Pendragon Castle, Mallerstang, Cumbria

by David Murray on 7 July 2011

in Castles, Cumbria, Eden Valley, Kirkby Stephen

Of all the castles inherited by Lady Anne Clifford, Countess of Pembroke, in the 17th century Pendragon Castle must have been in the wildest and most remote-feeling location of them all. The Mallerstang valley in Cumbria, between the Lake District and Yorkshire Dales National Parks, and just to the south of the North Pennines AONB (Area of Outstanding Natural Beauty) seems almost detached from the rest of the world even today.

Looking up the Mallerstang valley from Pendragon Castle - Eden Valley - Cumbria

Looking up the Mallerstang valley from Pendragon Castle

It all looks “green and pleasant” here, but what it might have felt like in stormy weather three hundred years ago one can only begin to imagine. The view below illustrates better the contrast between the roughness of the fellside and the improved land of the enclosures lower down, which postdate the journeyings of Lady Anne.

Mallerstang Edge from Pendragon Castle - Eden Valley - Cumbria

Mallerstang Edge from Pendragon Castle

It must have taken all Lady Anne’s energy and determination to venture into this country via the wildness of upper Wharfedale and Wensleydale and see to the renovation of her properties here and in Brough, Appleby and Brougham, but so she did – and on at least one occasion stayed at Pendragon for some time.

Travelling up from her main residence of Skipton Castle, she would have arrived in the area from the south but a few days ago I approached it from the opposite direction, driving southwards out of Kirkby Stephen on the B6259. To Nateby and beyond the road more or less follows the young River Eden toward its source high on the fells near the watershed and the ancient boundary between Westmorland and Yorkshire.
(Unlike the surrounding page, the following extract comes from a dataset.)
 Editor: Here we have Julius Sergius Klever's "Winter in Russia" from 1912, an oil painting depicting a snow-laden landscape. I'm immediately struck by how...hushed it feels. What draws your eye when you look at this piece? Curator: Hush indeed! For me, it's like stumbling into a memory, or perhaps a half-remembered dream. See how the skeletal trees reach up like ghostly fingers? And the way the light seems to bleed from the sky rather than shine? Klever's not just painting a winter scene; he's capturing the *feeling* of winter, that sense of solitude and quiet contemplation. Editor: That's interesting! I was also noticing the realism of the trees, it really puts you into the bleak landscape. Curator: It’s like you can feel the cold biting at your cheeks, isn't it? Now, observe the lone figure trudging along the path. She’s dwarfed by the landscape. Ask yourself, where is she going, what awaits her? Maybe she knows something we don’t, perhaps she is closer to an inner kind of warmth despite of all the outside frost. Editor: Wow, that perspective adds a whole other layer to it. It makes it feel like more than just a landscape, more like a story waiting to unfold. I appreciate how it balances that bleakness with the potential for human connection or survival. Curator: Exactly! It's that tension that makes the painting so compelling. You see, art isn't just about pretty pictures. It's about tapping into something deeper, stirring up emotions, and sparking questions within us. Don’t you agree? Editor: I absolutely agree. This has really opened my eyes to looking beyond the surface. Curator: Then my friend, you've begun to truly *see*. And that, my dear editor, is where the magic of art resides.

Mallerstang valley from near Dalefoot - Eden Valley - Cumbria

Mallerstang valley from near Dalefoot

About half way between Kirkby Lonsdale and the point at which the Eden valley is exchanged for that of the Ure and Wensleydale, I came to a road junction. To the west went a road over Wharton Fell to Ravenstonedale and a road sign informed me that I’d come only 4 miles from Kirkby Stephen. Even though I was on four wheels, not walking, it seemed much further than that.
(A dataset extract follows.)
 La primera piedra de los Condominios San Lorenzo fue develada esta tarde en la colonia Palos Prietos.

It is here that the remains of Pendragon Castle stand in a field on the right hand side of the road. Behind the gate is a green signboard.

Pendragon Castle sign - Mallerstang - Eden Valley - Cumbria

Pendragon Castle sign

The landowner allows visitors to walk around the castle and inspect the ruins. The extent of the Pendragon remains can look quite different depending on the direction from which one is viewing them. I spent a pleasant hour pointing my camera from just about every angle I could think of in a 360 degree slow circular walk around it. From the field side the ruins can look quite extensive. Looking up from the River Eden down in the valley bottom behind the castle they can appear sparse but threatening.

Pendragon Castle Ruins - Mallerstang - Eden Valley - Cumbria
Pendragon Castle Ruins - Mallerstang - Eden Valley - Cumbria

As I finished my circumperambulation (is that a word?) I was thinking about the retinue of three hundred men and women who typically accompanied Lady Anne Clifford on her journeys. Add to them any permanent castle staff at Pendragon, and the question arises, “Where did they all sleep and eat?” The place doesn’t look big enough for that kind of number, even allowing for maybe three floors. This is not like Brough or Brougham. Maybe the less favoured among them were billeted out on the local tenants.

Pendragon Castle - Present Occupants

As I was pondering this question some of Pendragon Castle’s current occupants appeared out of one of the doorways. In the past, long before Lady Anne’s day and her restorations, the castle was destoyed many times in fighting as men of the north invaded, but today the occupiers showed no inclination to repel my invasion. They were not exactly friendly, but were very quiet and unconcerned; in fact, they simply ignored me.